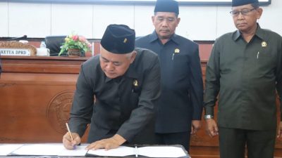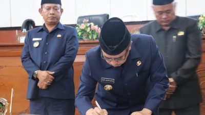 Sebelum memberikan sambutan, Bupati Madiun melakukan penandatanganan persetujuan bersama Raperda RPJMD oleh unsur DPRD Kabupaten Madiun.
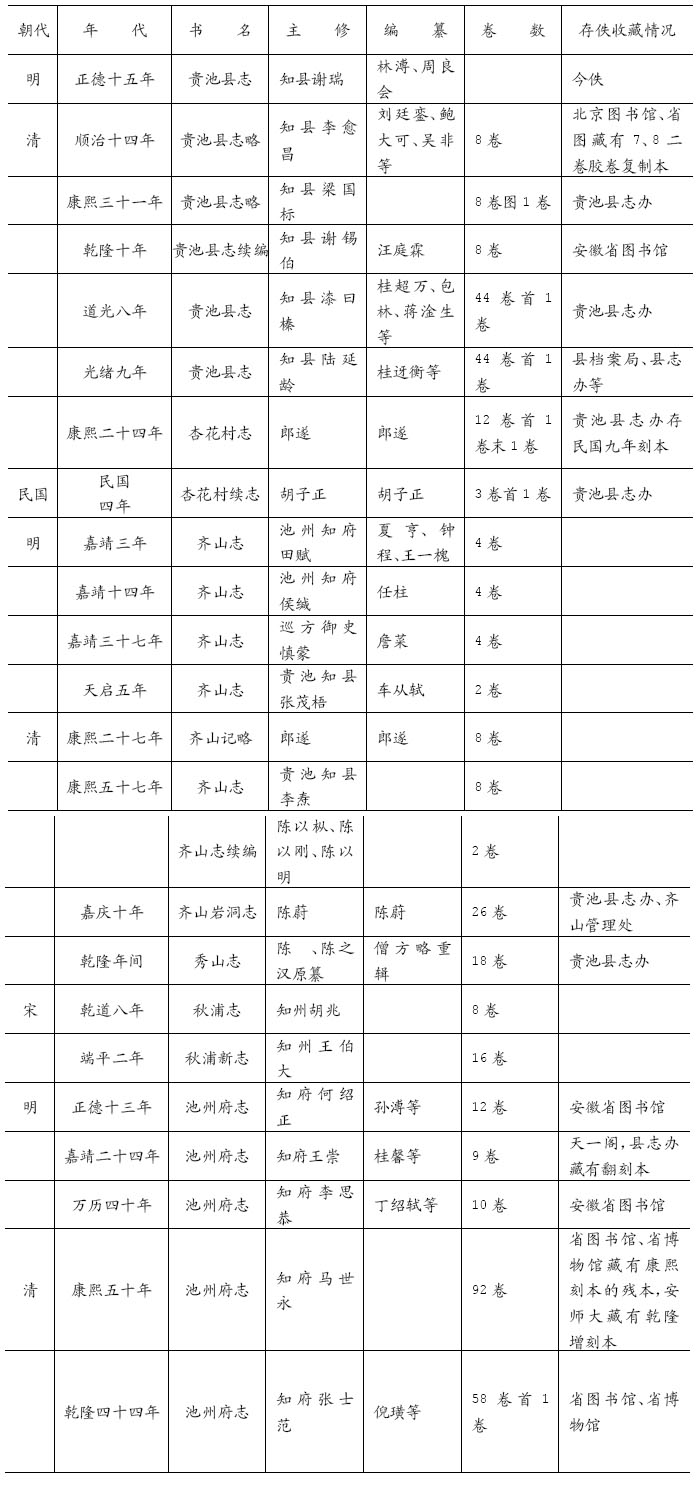 贵池古秋浦邑,昔贤以循良著闻者载在邑志,代有其人。余于庚午岁承之兹土,兢兢焉。求所以称民社之责者,茫无据也。邑附郡为首县,得日夕太府大人之前奉教指南。稍免陨越,公余取县志旧本若干卷翻阅之,念此乡湖山秀丽,人物蔚起,征文考献,不患无实。而简编残脱十存其半,盖从章皇帝丁酉以迄于今三十余年,一世矣而放失若此,抑何以备轩之使过而采风问俗为耶。县官知一县之事,掌故应存,莫此为急。于是就图籍之缺者补、伪者校、残者整。版初隘。今大之,视昔之裒集者无敢删也,其有关政教者无敢遗也。凡见闻为前之未逮者,不敢不博采也。野史家乘不敢不旁搜也。篇目仍其旧,隶事从其新。通古今之变,具得失之林,故观乎舆地,知险要而地道可因矣,观乎风土,知奢俭而民政可平矣;观乎赋役,知供用而财求可阜矣;观乎官制,知张弛而补救可施矣;观乎选举,知用才而民志可立矣;观乎人物,知辨等而民治可久矣。且武城有弦歌,子产有辞令,仕优则学,润色皇猷,故以艺文终焉。若夫志以继史,而史氏三长昌黎公犹逊谢弗居,予又何敢胜任乎?抑仍其旧而借手于刘氏之拾遗。兼询诸学博以共襄告成。而剞劂之费,则捐奉从事、不问之里民以滋扰云。康熙壬申。
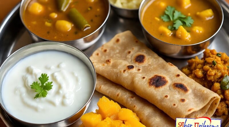 अरवा चावल, दाल, सब्जी, भुजिया, चटनी सहित (150 ग्राम चावल का भात) 80.00 रू0 प्रति प्लेट
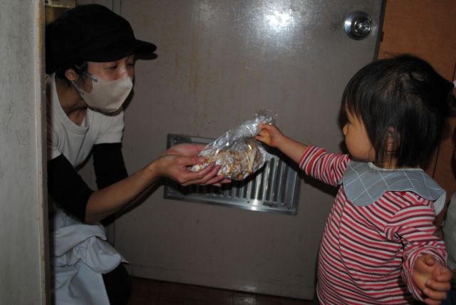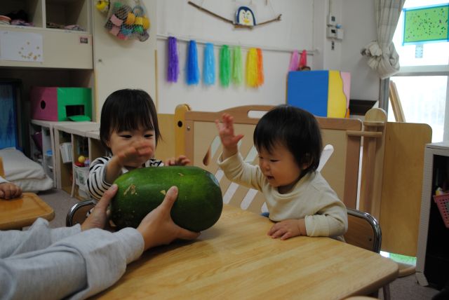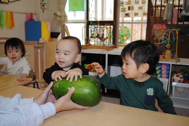 礼拝では、お野菜の紹介をしながら触り心地、叩いて音、実際に触わる体験もしてみました。大きいお野菜だとやや緊張ぎみの子もいましたが、お友だちが触っているのを見て安心して触れるようになったり、転がしてみたりと興味を持っている様子でした。そのあとに野菜が大きくなる過程のお話をしましたが、子どもたちは、出来上がったお芋のバター焼きで頭がいっぱい!((笑))お話はさっと終わり、おやつタイムを堪能し、満足そうに食べていました。実りに感謝、食べられることに感謝をしながら、これからもたくさん食べて大きくなってね!

WHAT THE TASK REQUIRES: From the line holding "अरवा चावल, दाल, सब्जी, भुजिया, चटनी" to the final line of the data above, give each line again exactly, both ends included, and drop the pictures.

TASK RESPONSE:
 अरवा चावल, दाल, सब्जी, भुजिया, चटनी सहित (150 ग्राम चावल का भात) 80.00 रू0 प्रति प्लेट
 礼拝では、お野菜の紹介をしながら触り心地、叩いて音、実際に触わる体験もしてみました。大きいお野菜だとやや緊張ぎみの子もいましたが、お友だちが触っているのを見て安心して触れるようになったり、転がしてみたりと興味を持っている様子でした。そのあとに野菜が大きくなる過程のお話をしましたが、子どもたちは、出来上がったお芋のバター焼きで頭がいっぱい!((笑))お話はさっと終わり、おやつタイムを堪能し、満足そうに食べていました。実りに感謝、食べられることに感謝をしながら、これからもたくさん食べて大きくなってね!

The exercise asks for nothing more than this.